_Material for this task:_

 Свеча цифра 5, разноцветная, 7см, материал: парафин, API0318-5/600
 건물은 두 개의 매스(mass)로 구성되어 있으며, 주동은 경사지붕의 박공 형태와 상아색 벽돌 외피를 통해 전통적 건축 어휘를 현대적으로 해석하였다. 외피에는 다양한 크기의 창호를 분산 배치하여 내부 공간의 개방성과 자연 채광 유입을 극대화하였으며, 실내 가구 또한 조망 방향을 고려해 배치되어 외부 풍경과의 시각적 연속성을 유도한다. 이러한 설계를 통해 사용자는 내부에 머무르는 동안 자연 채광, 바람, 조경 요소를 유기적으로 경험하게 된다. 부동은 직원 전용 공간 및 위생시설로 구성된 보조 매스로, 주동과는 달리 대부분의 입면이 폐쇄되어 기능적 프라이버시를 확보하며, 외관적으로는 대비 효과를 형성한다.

...

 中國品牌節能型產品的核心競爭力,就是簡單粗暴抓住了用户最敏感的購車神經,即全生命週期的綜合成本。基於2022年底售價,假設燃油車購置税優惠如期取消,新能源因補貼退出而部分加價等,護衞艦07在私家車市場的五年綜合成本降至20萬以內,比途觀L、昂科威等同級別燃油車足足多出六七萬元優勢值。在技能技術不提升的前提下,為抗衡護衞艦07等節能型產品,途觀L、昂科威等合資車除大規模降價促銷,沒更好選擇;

_Assignment:_ Beginning with the line that has "материал: парафин, API0318-5/600" and ending with the line that has "건물은 두 개의 매스(mass)로", set down the lines above exactly and include no others.

_Result:_
 Свеча цифра 5, разноцветная, 7см, материал: парафин, API0318-5/600
 건물은 두 개의 매스(mass)로 구성되어 있으며, 주동은 경사지붕의 박공 형태와 상아색 벽돌 외피를 통해 전통적 건축 어휘를 현대적으로 해석하였다. 외피에는 다양한 크기의 창호를 분산 배치하여 내부 공간의 개방성과 자연 채광 유입을 극대화하였으며, 실내 가구 또한 조망 방향을 고려해 배치되어 외부 풍경과의 시각적 연속성을 유도한다. 이러한 설계를 통해 사용자는 내부에 머무르는 동안 자연 채광, 바람, 조경 요소를 유기적으로 경험하게 된다. 부동은 직원 전용 공간 및 위생시설로 구성된 보조 매스로, 주동과는 달리 대부분의 입면이 폐쇄되어 기능적 프라이버시를 확보하며, 외관적으로는 대비 효과를 형성한다.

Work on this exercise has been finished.